### TRY IT
Your answer must be an exact copy of the data below, minus any pictures.

### INFORMATION PROVIDED
-- -- --

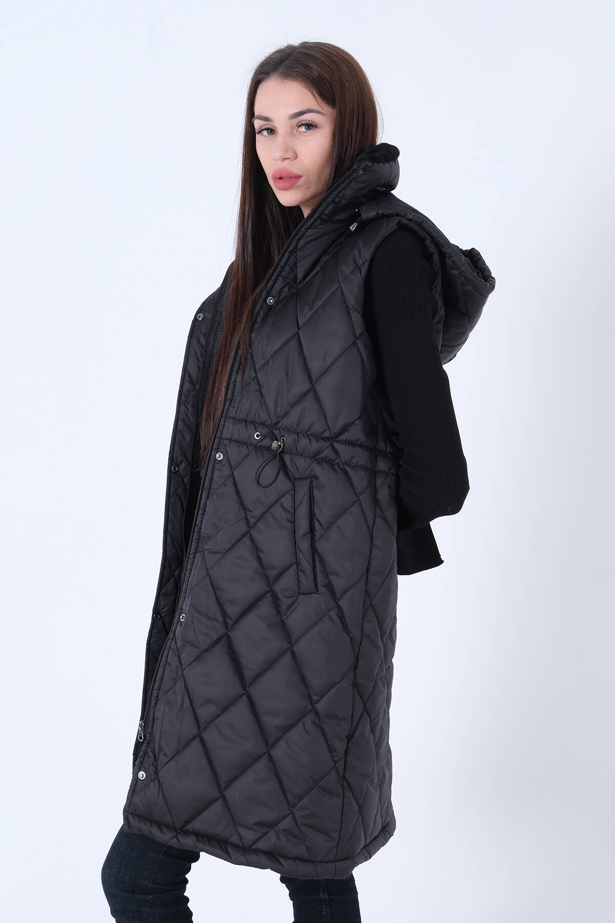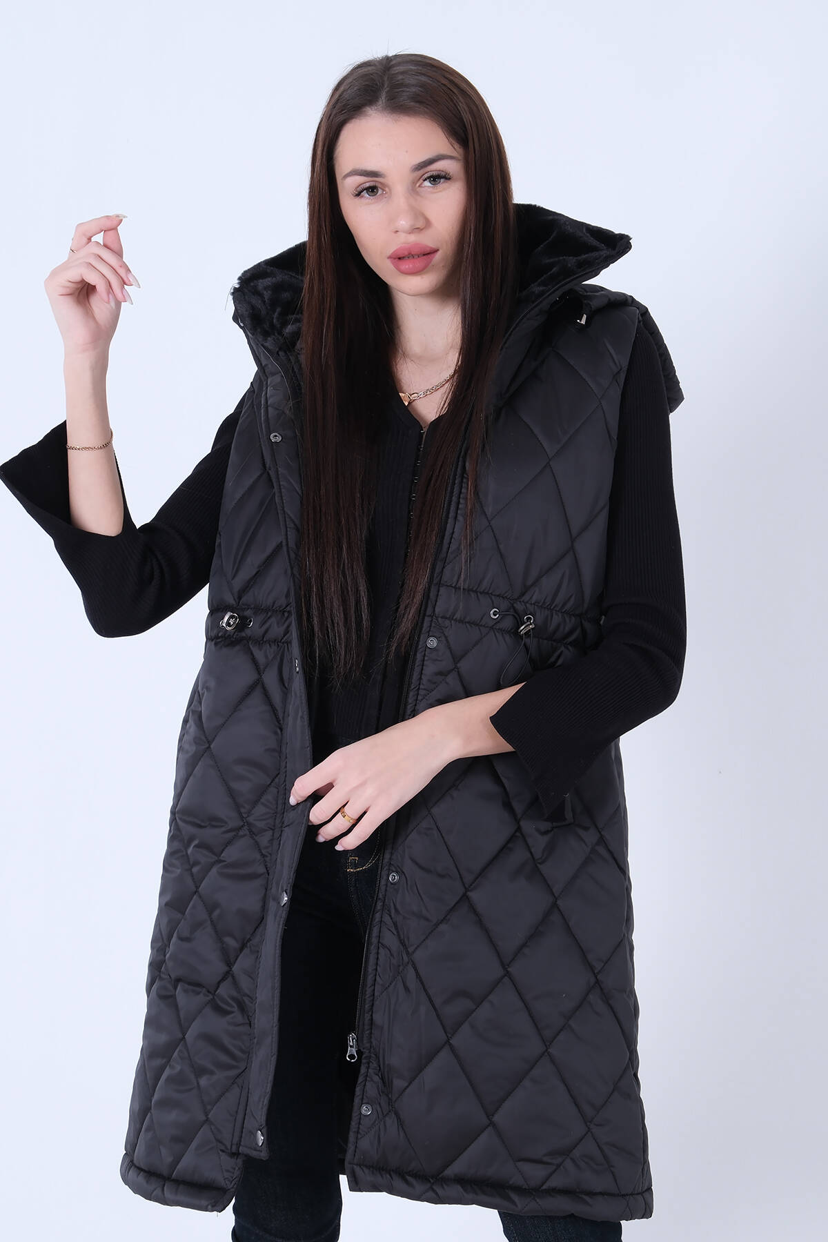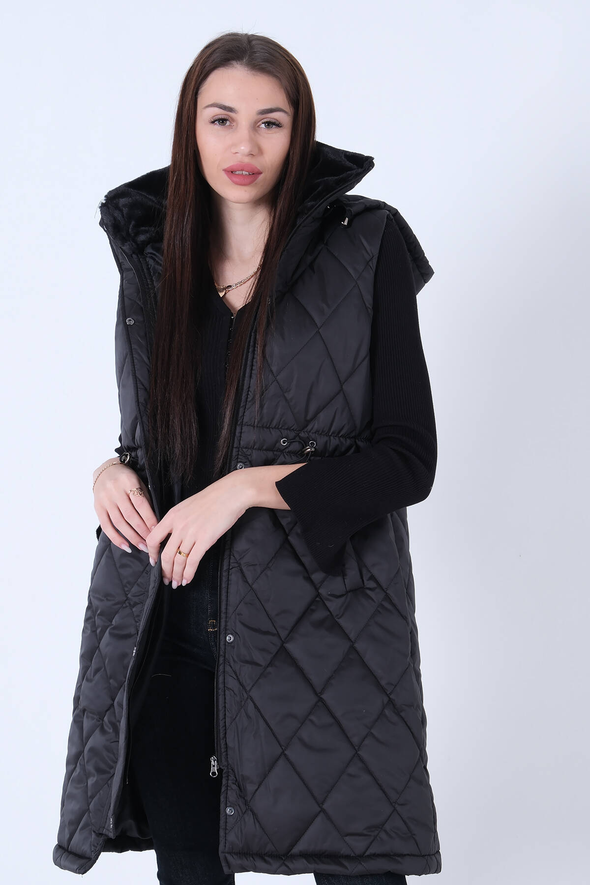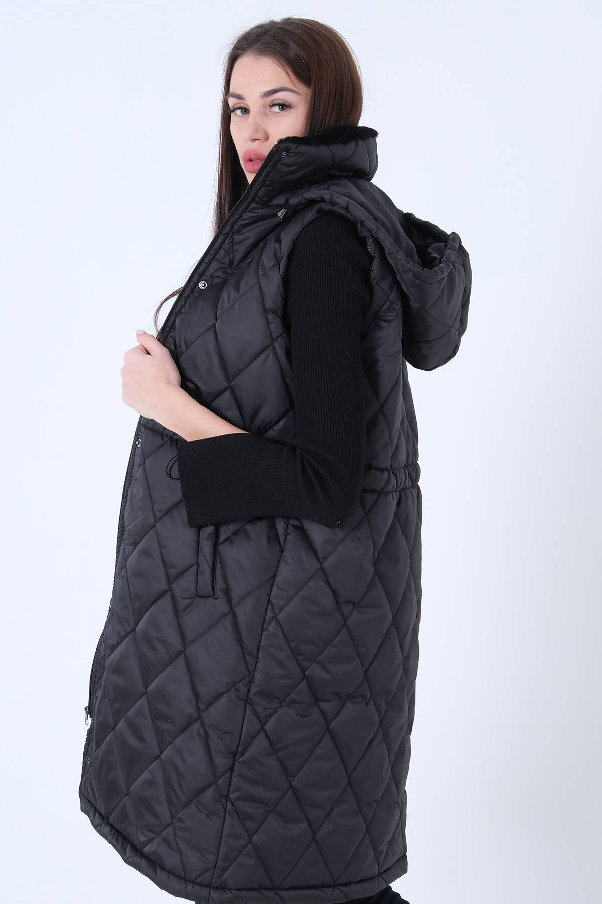 Siyah Kapüşonlu Kapitone Yelek 44510424.01
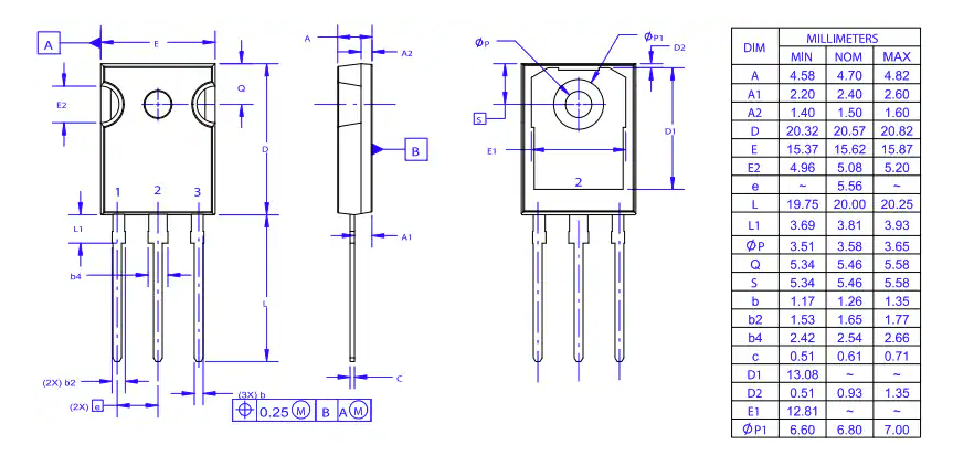 NVHL060N065SC1 采用 TO - 247 - 3L 封裝,文檔中詳細給出了封裝的各項尺寸參數。準確了解封裝尺寸對于 PCB 布局設計至關重要,合理的布局可以保證器件的散熱和電氣性能。在進行 PCB 設計時,大家是否會仔細核對封裝尺寸,以避免出現安裝和性能問題呢?
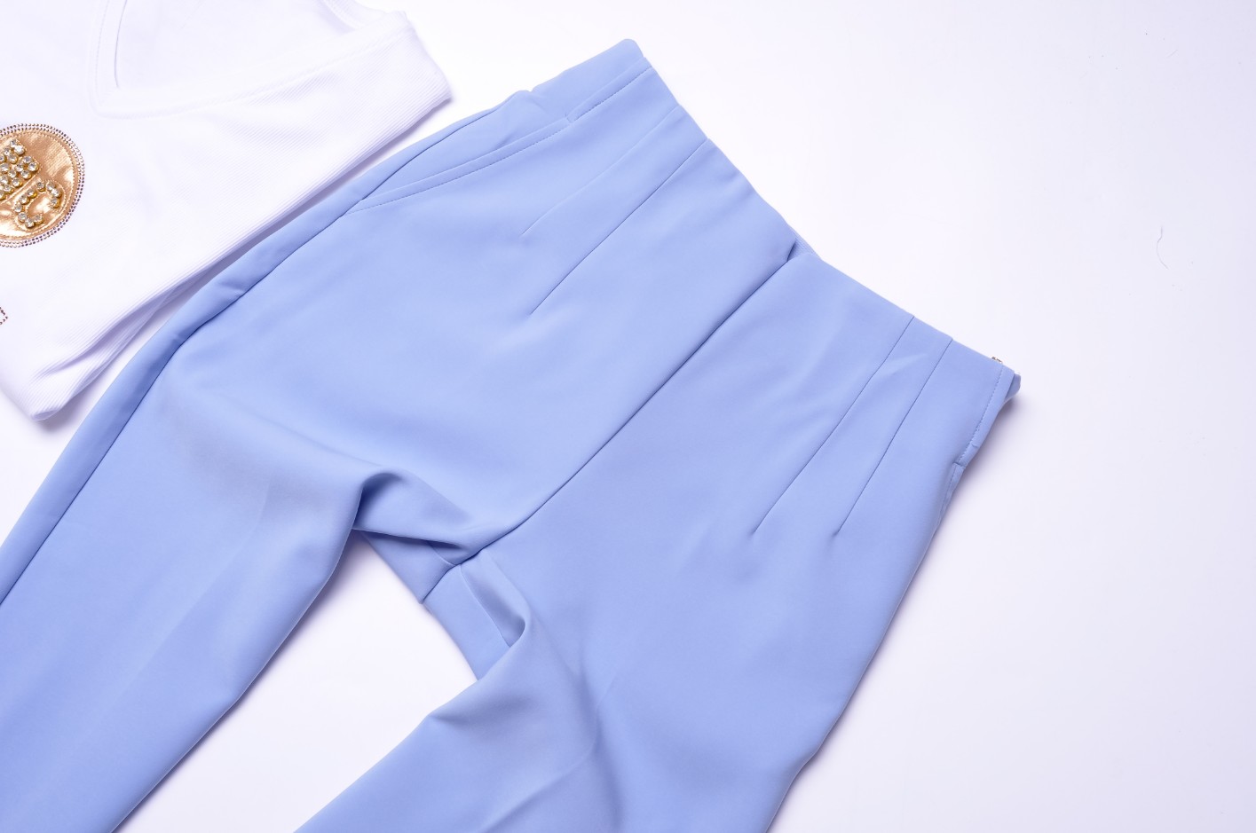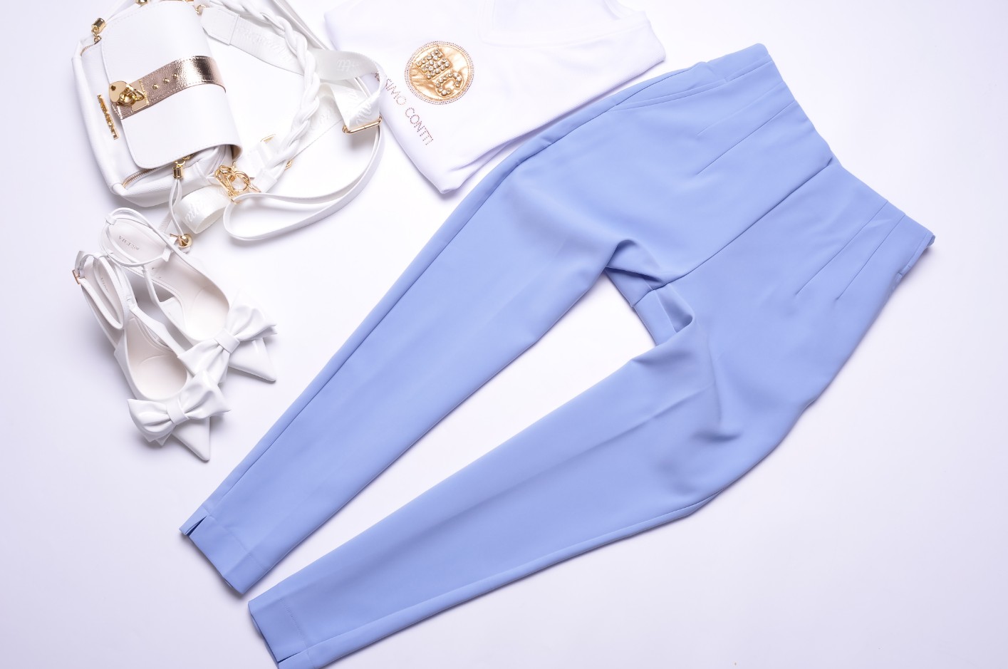 Błękitne, eleganckie spodnie z wysokim stanem. Zwężana nogawka, z kantem. Zapinane na zamek, który jest z boku. Z tyłu gumka w talii. Kieszenie po bokach.

-- -- --

### SOLUTION FOR THIS PROBLEM
 Siyah Kapüşonlu Kapitone Yelek 44510424.01
 NVHL060N065SC1 采用 TO - 247 - 3L 封裝,文檔中詳細給出了封裝的各項尺寸參數。準確了解封裝尺寸對于 PCB 布局設計至關重要,合理的布局可以保證器件的散熱和電氣性能。在進行 PCB 設計時,大家是否會仔細核對封裝尺寸,以避免出現安裝和性能問題呢?
 Błękitne, eleganckie spodnie z wysokim stanem. Zwężana nogawka, z kantem. Zapinane na zamek, który jest z boku. Z tyłu gumka w talii. Kieszenie po bokach.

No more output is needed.